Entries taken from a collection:
= = =

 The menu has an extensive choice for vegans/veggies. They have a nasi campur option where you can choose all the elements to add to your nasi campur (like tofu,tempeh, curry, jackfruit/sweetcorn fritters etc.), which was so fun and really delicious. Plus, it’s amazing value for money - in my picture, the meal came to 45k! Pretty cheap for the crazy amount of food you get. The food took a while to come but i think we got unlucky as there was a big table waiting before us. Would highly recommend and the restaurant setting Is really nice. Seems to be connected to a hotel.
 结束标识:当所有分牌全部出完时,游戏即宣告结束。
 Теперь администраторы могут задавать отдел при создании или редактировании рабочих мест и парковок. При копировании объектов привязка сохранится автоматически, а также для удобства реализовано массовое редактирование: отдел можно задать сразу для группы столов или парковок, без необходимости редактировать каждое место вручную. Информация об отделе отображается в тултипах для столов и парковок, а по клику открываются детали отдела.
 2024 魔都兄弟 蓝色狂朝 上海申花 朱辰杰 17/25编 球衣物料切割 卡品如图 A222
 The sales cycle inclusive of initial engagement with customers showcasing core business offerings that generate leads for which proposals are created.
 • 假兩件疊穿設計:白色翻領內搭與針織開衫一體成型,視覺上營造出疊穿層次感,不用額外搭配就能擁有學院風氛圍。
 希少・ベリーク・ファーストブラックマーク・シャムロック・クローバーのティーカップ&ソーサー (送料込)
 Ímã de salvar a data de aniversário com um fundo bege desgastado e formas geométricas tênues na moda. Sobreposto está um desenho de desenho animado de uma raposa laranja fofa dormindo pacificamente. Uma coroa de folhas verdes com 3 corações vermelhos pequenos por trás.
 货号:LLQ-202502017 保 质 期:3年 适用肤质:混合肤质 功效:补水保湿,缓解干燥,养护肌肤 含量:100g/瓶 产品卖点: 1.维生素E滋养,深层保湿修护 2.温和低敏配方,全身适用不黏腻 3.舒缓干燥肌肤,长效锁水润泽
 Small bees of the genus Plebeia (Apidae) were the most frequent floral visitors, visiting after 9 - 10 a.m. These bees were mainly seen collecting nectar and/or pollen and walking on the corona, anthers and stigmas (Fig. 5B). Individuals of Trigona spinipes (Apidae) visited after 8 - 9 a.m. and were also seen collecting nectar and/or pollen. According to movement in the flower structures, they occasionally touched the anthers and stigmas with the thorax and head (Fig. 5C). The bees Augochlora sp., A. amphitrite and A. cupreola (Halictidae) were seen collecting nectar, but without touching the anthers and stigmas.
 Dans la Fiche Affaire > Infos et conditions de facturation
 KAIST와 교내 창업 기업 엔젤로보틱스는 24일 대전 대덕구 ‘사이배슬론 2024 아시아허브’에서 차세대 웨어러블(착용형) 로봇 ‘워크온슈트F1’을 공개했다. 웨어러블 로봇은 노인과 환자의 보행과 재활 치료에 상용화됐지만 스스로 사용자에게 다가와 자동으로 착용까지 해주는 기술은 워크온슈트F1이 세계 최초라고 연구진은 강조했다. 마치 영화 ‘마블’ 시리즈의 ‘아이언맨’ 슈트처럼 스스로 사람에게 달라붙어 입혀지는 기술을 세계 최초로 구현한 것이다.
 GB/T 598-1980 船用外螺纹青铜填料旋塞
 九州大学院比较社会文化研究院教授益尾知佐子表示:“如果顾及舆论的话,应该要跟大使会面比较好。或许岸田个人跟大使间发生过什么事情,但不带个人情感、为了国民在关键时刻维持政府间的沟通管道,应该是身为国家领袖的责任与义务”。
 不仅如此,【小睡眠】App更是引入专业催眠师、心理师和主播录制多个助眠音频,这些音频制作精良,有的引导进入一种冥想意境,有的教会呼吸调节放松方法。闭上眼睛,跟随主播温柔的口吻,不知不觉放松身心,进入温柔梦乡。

= = =

Return the entries in full. Do not alter them.

RESULT OF THE EXERCISE
 The menu has an extensive choice for vegans/veggies. They have a nasi campur option where you can choose all the elements to add to your nasi campur (like tofu,tempeh, curry, jackfruit/sweetcorn fritters etc.), which was so fun and really delicious. Plus, it’s amazing value for money - in my picture, the meal came to 45k! Pretty cheap for the crazy amount of food you get. The food took a while to come but i think we got unlucky as there was a big table waiting before us. Would highly recommend and the restaurant setting Is really nice. Seems to be connected to a hotel.
 结束标识:当所有分牌全部出完时,游戏即宣告结束。
 Теперь администраторы могут задавать отдел при создании или редактировании рабочих мест и парковок. При копировании объектов привязка сохранится автоматически, а также для удобства реализовано массовое редактирование: отдел можно задать сразу для группы столов или парковок, без необходимости редактировать каждое место вручную. Информация об отделе отображается в тултипах для столов и парковок, а по клику открываются детали отдела.
 2024 魔都兄弟 蓝色狂朝 上海申花 朱辰杰 17/25编 球衣物料切割 卡品如图 A222
 The sales cycle inclusive of initial engagement with customers showcasing core business offerings that generate leads for which proposals are created.
 • 假兩件疊穿設計:白色翻領內搭與針織開衫一體成型,視覺上營造出疊穿層次感,不用額外搭配就能擁有學院風氛圍。
 希少・ベリーク・ファーストブラックマーク・シャムロック・クローバーのティーカップ&ソーサー (送料込)
 Ímã de salvar a data de aniversário com um fundo bege desgastado e formas geométricas tênues na moda. Sobreposto está um desenho de desenho animado de uma raposa laranja fofa dormindo pacificamente. Uma coroa de folhas verdes com 3 corações vermelhos pequenos por trás.
 货号:LLQ-202502017 保 质 期:3年 适用肤质:混合肤质 功效:补水保湿,缓解干燥,养护肌肤 含量:100g/瓶 产品卖点: 1.维生素E滋养,深层保湿修护 2.温和低敏配方,全身适用不黏腻 3.舒缓干燥肌肤,长效锁水润泽
 Small bees of the genus Plebeia (Apidae) were the most frequent floral visitors, visiting after 9 - 10 a.m. These bees were mainly seen collecting nectar and/or pollen and walking on the corona, anthers and stigmas (Fig. 5B). Individuals of Trigona spinipes (Apidae) visited after 8 - 9 a.m. and were also seen collecting nectar and/or pollen. According to movement in the flower structures, they occasionally touched the anthers and stigmas with the thorax and head (Fig. 5C). The bees Augochlora sp., A. amphitrite and A. cupreola (Halictidae) were seen collecting nectar, but without touching the anthers and stigmas.
 Dans la Fiche Affaire > Infos et conditions de facturation
 KAIST와 교내 창업 기업 엔젤로보틱스는 24일 대전 대덕구 ‘사이배슬론 2024 아시아허브’에서 차세대 웨어러블(착용형) 로봇 ‘워크온슈트F1’을 공개했다. 웨어러블 로봇은 노인과 환자의 보행과 재활 치료에 상용화됐지만 스스로 사용자에게 다가와 자동으로 착용까지 해주는 기술은 워크온슈트F1이 세계 최초라고 연구진은 강조했다. 마치 영화 ‘마블’ 시리즈의 ‘아이언맨’ 슈트처럼 스스로 사람에게 달라붙어 입혀지는 기술을 세계 최초로 구현한 것이다.
 GB/T 598-1980 船用外螺纹青铜填料旋塞
 九州大学院比较社会文化研究院教授益尾知佐子表示:“如果顾及舆论的话,应该要跟大使会面比较好。或许岸田个人跟大使间发生过什么事情,但不带个人情感、为了国民在关键时刻维持政府间的沟通管道,应该是身为国家领袖的责任与义务”。
 不仅如此,【小睡眠】App更是引入专业催眠师、心理师和主播录制多个助眠音频,这些音频制作精良,有的引导进入一种冥想意境,有的教会呼吸调节放松方法。闭上眼睛,跟随主播温柔的口吻,不知不觉放松身心,进入温柔梦乡。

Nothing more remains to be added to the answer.